Las Escrituras nos sugieren innumerables metáforas para expresar quiénes y cómo son Dios, Jesús, el Espíritu Santo y la Iglesia.
Dios —en la Biblia— es una roca, un pastor, un alfarero, un caudillo militar, una nube, un viñedo, un águila, un león, una gallina madre, una fortaleza y un escudo. Jesús es presentado como un profeta, un pastor, un rabino, un maestro, un taumaturgo, un novio, un cordero degollado, el Mesías y el Hijo de Dios. Y hasta pan y vino dispuesto a ser comido y bebido. La Iglesia, por su parte, es considerada —al mismo tiempo— madre, esposa, familia, barca, cuerpo de Cristo, pueblo de Dios y luz del mundo.
Sin embargo, a pesar de la sobreabundancia de títulos, sabemos que Dios, Jesús y la Iglesia son todo eso y mucho más. Una metáfora nunca agota el significado, simplemente se aproxima desde un ángulo particular, realizando una cata en el suelo profundo del sentido.
Los primeros teólogos cristianos que reflexionaron sobre esta cuestión pronto cayeron en la cuenta de que los títulos divinos expresan el modo como Dios —sin dejar de ser un misterio sagrado e inaccesible— se hace próximo, transformándose en un «Dios con nosotros», cercano y accesible.
La Biblia ofrece un deslumbrante abanico de expresiones, sin embargo, muchas de ellas hoy nos resultan extrañas y precisan ser reinterpretadas. El problema que enfrentamos es que metáforas que eran claras y evidentes en otra época se han vuelto oscuras y confusas con el paso del tiempo: ¿Qué significa que Dios es un cordero que espera ser desposado? ¿Cómo interpretar que Cristo es una vid, y nosotros los sarmientos? ¿Y que la Iglesia es una barca?
Un segundo problema surge de la necesidad de articular las diversas metáforas, permitiendo que unas «equilibren» e iluminen el significado de otras, sin eclipsarlas.
El ejemplo de la doble naturaleza de Jesucristo es ilustrativo. Nuestra tradición afirma que el hijo de María es —al mismo tiempo— Dios y hombre. Ambos atributos resultan en apariencia contradictorios, como fuerzas que empujan en direcciones opuestas. Algo similar sucede con los atributos divinos. ¿Cómo puede ser que Yahvé sea irascible y compasivo, impulsivo y paciente, violento y pacífico, maternal y paternal? Radicalizar cualquiera de esos rasgos a costa del resto conduce a un empobrecimiento en la comprensión de Dios.
El misterio no se agota en ninguna metáfora, por ello precisamos de múltiples acercamientos para expresar su insondable riqueza.

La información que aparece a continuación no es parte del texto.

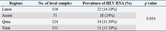 Fig. 2. Prevalence of HEV RNA in fecal samples among rabbits at different regions in Egypt. Table 4. Age-related frequency of HEV infection at different Egypt governorates among rabbits population.

Al considerar que Jesús es —además de Dios y hombre— maestro y profeta, pastor y rey, taumaturgo y exorcista, peregrino y hermano se matizan y enriquecen sus dos atributos principales, profundizándose así en su naturaleza humano-divina.
Los títulos divinos, cristológicos, eclesiológicos o mariológicos podrían compararse a una estructura articulada en la que todos los elementos están conectados, necesitando unos de los otros para que el edificio se sostenga en pie.
Otra forma de expresar esta delicada articulación sería usando, precisamente, otra metáfora. Así lo formula el Papa Francisco al referirse al poliedro, una de sus imágenes preferidas: «El modelo no es la esfera, que no es superior a las partes, donde cada punto es equidistante del centro y no hay diferencias entre unos y otros. El modelo es el poliedro, que refleja la confluencia de todas las parcialidades que en él conservan su originalidad» (Evangelii gaudium, 236).